In 1969, high schoolers Jimmy, Frank, Craig, and Mason formed a garage band in Oakpine, Wyoming. In 1999, Jimmy, now a writer in New York, unable to afford the cost of his aids care, comes back to die. His dad won't let him in the house and his mom calls Craig to refit the garage into a spare room. At the same time, newly-divorced multimillionaire Mason comes back from his life as a good-guy lawyer in Denver, and, now pushing fifty, they reform the band. Jimmy is too sick to play but Craig's son takes his place. Old secrets, hurts, and girlfriends are revisited, and new relationships formed. The characters' core decency and quiet humor make Return to Oakpine [Kindle] ideal comfort food -- perfect for an easy read, say, if you are doped up on cold medicine or simply want to spend a couple hours with nice people. Longtime fans of Ron Carlson, and you should be one, will be disappointed that this book lacks the originality and verve that made Five Skies such a stunner or The Signal so compulsive.

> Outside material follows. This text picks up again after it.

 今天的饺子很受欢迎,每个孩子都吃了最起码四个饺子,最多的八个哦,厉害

Queer readers new to Carlson's work will also be disappointed. His saintly Jimmy is yet another example of a well-meaning straight writer who has zero feeling for the interior lives of gay men. Missing entirely are any sort of fear of being found out, any form of coming out to himself or friends or family, and any hint of a sexual impulsive at any point in his life. A gay New Yorker coming home to die in Wyoming in 1999 might dwell on Matthew Shepard who was murdered in Laramie in October 1998. Better drawn are the earnest, super-clumsy questions of his straight friends: "When two gay guys go out to dinner, who pays?"
Also a little earnest and clumsy is Salon's recent essay about the lack of high profile gay novels and the pitfalls of straight authors' attempts at queer lives, citing The Interestings, The Art of Fielding, and The Emperor's Children.

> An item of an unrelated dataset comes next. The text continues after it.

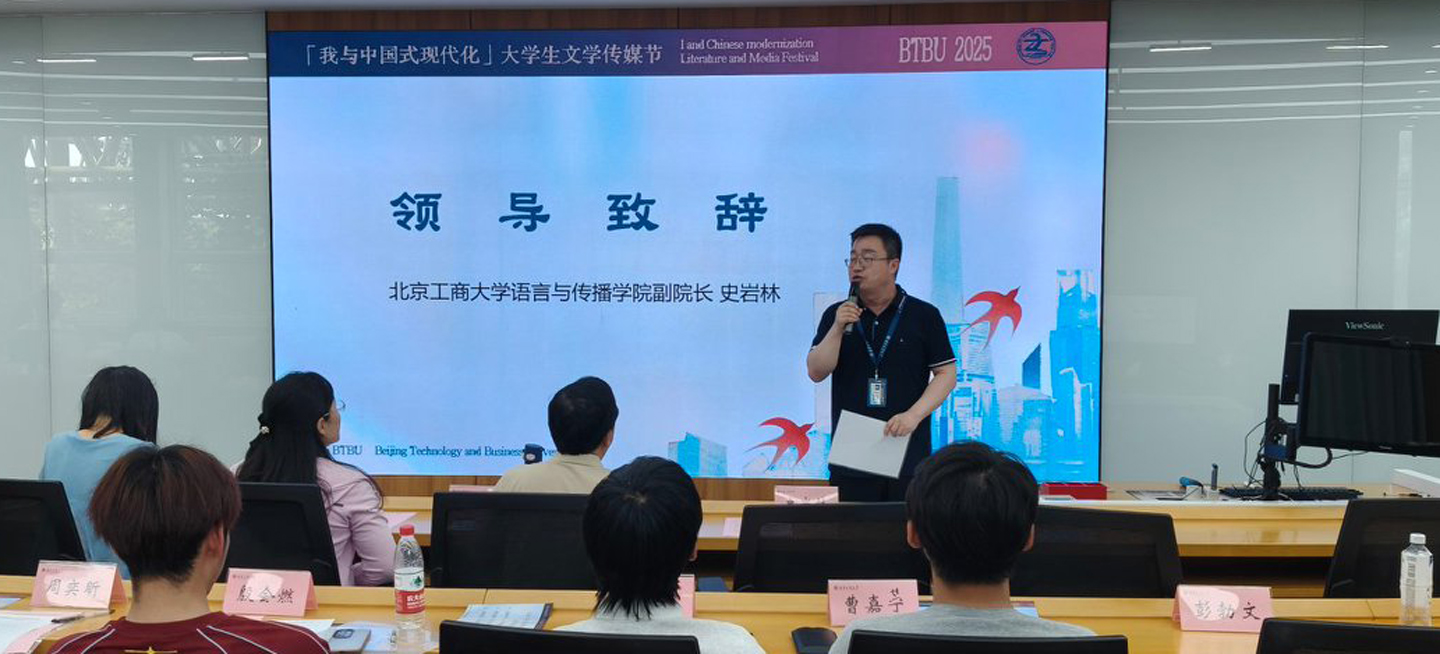 2025年6月18日,北京工商大学第四届“大学生文学传媒节”演讲比赛决赛在良乡校区师生服务中心203教室隆重举行。此次活动由语言与传播学院中文教研室、中国故事叙事研究中心主办,来自全校各个学院的10名选手在历经初赛、复赛选拔后齐聚一堂,以“我与中国式现代化”为主题,声情并茂地讲述了中国式现代化进程中的精彩故事,生动诠释了新时代青年对中国式现代化的深刻理解和独特感悟。
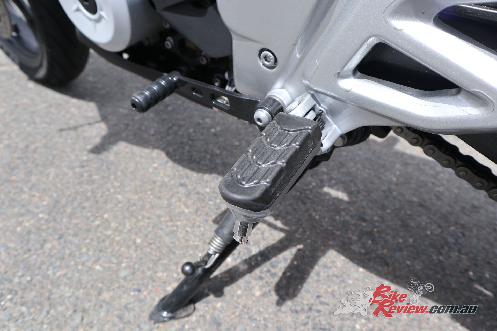 The rear brake pedal, as mentioned, is massive and impossible to miss. The rear brake is good, offers good control and feel for a rear brake and was handy around town and in balancing the bike.

If you're keeping score, Viking degayed and de-aidsed the Oakpine flap copy.
Just read The Power of the Dog by Thomas Savage and found that the homosexual storyline made no psychological sense. Annie Proulx wrote an afterward and she didn't get it either. One of the main characters is described as a repressed homosexual. What the hell does that mean? Would you ever use it to describe a straight person, a repressed heterosexual? The way the straights describe us, the words they use. I was reading Ivor Novello's bio on Wikipedia. They describe him as a predatory homosexual. Again a word that would never be used to describe a straight celebrity or rock star who has banged thousands of women.